**Listed records:**
[Start of Attachment]

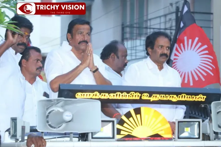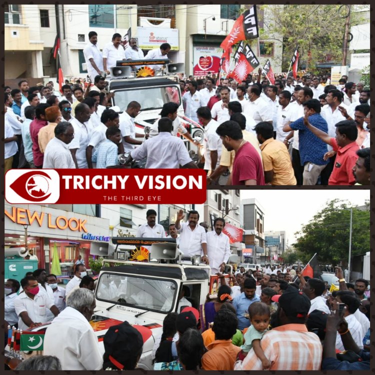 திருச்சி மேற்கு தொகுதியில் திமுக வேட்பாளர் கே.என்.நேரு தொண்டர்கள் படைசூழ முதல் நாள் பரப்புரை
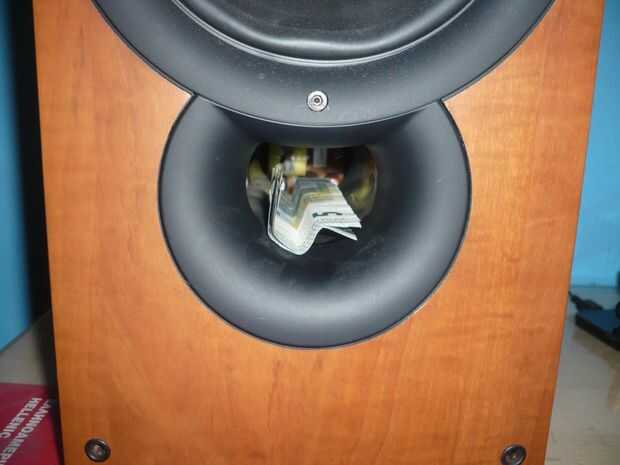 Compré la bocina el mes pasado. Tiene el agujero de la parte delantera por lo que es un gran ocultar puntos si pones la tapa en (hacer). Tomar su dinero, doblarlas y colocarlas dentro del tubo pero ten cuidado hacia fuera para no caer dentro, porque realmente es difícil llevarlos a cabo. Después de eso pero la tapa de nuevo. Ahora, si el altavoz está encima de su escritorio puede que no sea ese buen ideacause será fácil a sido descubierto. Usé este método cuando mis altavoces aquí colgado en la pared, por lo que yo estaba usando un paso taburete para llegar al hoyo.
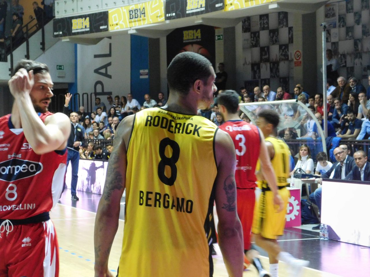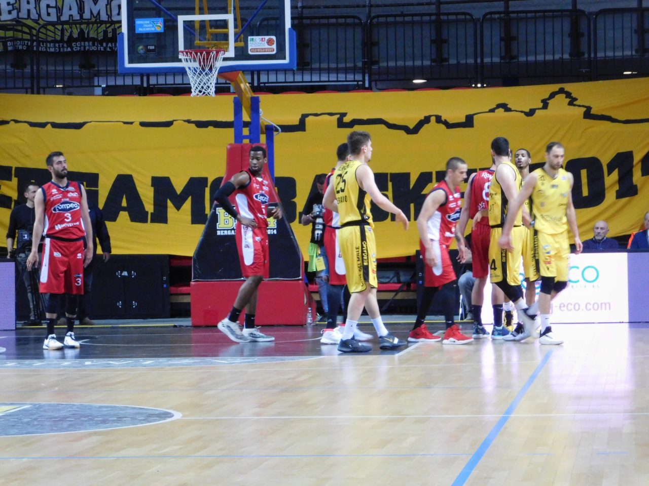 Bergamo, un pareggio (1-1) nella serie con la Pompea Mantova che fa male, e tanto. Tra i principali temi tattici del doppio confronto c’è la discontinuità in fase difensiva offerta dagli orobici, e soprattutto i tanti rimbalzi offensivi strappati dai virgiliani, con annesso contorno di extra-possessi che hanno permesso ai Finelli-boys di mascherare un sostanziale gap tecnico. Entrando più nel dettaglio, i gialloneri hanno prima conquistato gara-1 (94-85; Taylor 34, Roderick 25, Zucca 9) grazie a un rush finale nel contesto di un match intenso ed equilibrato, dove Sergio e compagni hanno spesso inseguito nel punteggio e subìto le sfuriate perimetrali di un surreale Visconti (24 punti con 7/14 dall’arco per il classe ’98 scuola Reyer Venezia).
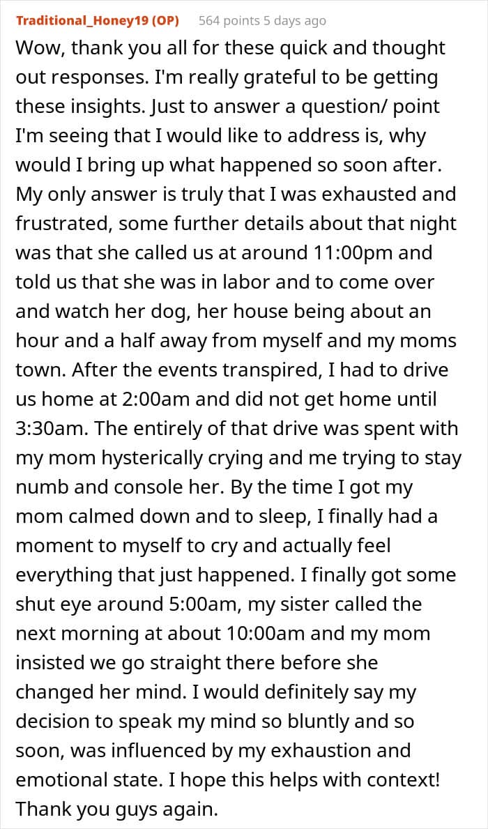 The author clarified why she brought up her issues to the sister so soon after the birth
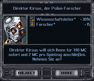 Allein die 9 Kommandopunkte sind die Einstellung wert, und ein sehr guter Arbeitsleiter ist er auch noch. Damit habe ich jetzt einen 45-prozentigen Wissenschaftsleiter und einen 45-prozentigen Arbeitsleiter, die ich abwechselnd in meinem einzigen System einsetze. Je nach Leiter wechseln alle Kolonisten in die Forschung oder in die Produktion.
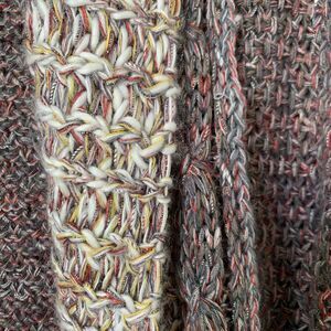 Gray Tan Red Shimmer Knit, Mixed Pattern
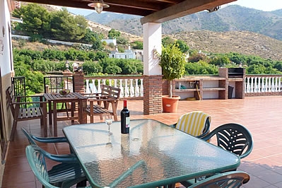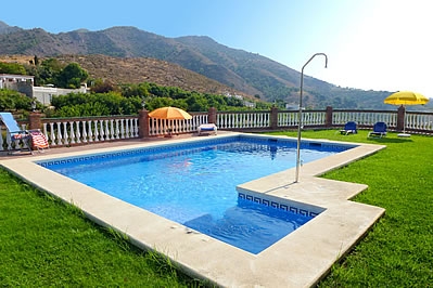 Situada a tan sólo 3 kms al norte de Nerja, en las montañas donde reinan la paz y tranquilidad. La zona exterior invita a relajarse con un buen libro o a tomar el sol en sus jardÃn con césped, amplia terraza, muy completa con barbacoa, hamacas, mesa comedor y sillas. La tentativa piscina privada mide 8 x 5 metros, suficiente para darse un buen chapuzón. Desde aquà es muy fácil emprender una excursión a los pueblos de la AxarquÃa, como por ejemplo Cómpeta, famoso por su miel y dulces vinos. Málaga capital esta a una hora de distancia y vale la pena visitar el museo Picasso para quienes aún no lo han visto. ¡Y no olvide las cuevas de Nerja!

[End of Attachment]
[Start of Attachment]

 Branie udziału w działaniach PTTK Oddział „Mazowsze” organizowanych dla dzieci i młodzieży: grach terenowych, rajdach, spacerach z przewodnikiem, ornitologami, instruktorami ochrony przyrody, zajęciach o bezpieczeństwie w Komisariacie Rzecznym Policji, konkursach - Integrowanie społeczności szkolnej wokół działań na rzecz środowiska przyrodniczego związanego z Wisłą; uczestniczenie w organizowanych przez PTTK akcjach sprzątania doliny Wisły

[End of Attachment]
[Start of Attachment]

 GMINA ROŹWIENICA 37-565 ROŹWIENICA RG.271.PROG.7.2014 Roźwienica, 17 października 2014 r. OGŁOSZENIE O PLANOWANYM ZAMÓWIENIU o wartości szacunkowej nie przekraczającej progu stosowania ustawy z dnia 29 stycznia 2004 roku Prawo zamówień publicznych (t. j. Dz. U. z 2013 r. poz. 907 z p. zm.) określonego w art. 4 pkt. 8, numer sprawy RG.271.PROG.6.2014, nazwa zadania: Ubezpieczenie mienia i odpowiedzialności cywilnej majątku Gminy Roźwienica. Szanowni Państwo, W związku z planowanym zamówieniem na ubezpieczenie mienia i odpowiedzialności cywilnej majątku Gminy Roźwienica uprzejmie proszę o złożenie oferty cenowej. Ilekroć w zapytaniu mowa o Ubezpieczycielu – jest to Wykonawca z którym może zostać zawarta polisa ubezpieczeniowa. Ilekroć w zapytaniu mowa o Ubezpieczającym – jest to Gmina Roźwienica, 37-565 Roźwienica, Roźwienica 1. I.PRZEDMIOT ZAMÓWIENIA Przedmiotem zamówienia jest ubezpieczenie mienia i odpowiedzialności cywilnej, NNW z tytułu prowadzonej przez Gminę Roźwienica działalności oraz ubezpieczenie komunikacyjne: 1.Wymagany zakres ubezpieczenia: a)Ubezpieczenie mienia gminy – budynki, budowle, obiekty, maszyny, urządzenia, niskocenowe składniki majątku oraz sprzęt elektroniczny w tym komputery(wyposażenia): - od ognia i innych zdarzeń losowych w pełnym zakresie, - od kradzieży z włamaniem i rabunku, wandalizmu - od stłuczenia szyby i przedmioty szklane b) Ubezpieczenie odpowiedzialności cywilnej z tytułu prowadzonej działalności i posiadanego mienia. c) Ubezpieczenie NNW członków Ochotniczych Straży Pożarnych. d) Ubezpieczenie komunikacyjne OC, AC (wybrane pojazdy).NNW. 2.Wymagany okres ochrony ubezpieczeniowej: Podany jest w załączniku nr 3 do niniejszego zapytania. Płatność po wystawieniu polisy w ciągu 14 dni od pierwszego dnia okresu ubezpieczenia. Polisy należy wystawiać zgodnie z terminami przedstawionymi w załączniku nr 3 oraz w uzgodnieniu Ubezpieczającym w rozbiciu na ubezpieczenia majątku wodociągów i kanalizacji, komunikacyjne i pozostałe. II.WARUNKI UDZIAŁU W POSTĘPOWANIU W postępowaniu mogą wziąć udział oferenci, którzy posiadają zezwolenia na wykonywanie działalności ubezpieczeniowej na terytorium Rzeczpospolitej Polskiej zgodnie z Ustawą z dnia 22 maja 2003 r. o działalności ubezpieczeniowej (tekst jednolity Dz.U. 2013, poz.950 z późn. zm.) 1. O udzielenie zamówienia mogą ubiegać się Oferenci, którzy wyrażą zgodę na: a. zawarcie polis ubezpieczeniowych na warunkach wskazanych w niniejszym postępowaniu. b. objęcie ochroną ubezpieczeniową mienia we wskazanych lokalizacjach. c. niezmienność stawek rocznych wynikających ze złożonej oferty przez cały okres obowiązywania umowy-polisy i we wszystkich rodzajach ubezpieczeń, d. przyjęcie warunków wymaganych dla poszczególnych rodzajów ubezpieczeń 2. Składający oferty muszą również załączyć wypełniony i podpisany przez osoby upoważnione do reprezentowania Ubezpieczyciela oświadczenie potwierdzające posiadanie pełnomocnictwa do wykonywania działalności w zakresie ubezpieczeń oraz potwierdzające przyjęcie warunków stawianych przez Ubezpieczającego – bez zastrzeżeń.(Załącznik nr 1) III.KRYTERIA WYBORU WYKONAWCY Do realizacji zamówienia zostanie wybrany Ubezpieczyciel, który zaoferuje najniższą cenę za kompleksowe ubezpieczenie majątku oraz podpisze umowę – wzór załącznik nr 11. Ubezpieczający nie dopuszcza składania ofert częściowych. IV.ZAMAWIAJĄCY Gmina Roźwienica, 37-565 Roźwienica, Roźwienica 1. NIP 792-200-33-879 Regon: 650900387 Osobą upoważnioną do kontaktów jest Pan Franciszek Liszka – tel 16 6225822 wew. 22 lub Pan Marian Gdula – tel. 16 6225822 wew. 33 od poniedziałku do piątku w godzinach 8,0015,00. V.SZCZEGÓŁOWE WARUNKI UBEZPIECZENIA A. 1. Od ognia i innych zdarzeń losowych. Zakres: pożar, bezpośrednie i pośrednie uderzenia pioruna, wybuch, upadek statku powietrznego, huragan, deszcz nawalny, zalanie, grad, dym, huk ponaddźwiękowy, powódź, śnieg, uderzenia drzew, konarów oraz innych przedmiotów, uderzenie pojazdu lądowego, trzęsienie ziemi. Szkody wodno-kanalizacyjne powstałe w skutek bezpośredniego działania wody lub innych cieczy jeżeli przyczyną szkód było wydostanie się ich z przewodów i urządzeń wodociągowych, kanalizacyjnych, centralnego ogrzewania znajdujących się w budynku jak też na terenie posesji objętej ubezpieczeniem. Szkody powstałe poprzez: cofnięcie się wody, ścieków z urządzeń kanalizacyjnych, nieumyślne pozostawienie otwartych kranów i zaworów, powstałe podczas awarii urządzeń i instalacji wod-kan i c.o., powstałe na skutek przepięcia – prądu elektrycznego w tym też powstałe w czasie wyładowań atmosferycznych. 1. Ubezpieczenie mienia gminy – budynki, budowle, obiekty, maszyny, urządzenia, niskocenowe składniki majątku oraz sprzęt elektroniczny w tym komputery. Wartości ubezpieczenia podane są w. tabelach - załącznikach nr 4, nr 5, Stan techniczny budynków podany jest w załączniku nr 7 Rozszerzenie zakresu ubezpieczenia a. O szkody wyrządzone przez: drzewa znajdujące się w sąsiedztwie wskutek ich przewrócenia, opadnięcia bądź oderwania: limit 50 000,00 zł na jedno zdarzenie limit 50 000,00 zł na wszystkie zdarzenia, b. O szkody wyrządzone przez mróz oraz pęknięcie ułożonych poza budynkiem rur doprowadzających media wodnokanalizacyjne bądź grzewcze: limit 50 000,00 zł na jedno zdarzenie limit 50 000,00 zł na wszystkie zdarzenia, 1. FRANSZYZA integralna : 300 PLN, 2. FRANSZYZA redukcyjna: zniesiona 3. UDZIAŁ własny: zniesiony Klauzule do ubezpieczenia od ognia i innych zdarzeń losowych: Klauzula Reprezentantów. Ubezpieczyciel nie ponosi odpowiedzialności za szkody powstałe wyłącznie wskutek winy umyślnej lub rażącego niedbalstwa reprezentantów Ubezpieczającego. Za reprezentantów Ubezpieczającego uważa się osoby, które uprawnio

[End of Attachment]

**Task objective:**
Give back exactly the lines above that run from the one with "The author clarified" to the one with "Gray Tan Red Shimmer Knit, Mixed Pattern", including both, with the pictures left out.

**Finished exercise:**
 The author clarified why she brought up her issues to the sister so soon after the birth
 Allein die 9 Kommandopunkte sind die Einstellung wert, und ein sehr guter Arbeitsleiter ist er auch noch. Damit habe ich jetzt einen 45-prozentigen Wissenschaftsleiter und einen 45-prozentigen Arbeitsleiter, die ich abwechselnd in meinem einzigen System einsetze. Je nach Leiter wechseln alle Kolonisten in die Forschung oder in die Produktion.
 Gray Tan Red Shimmer Knit, Mixed Pattern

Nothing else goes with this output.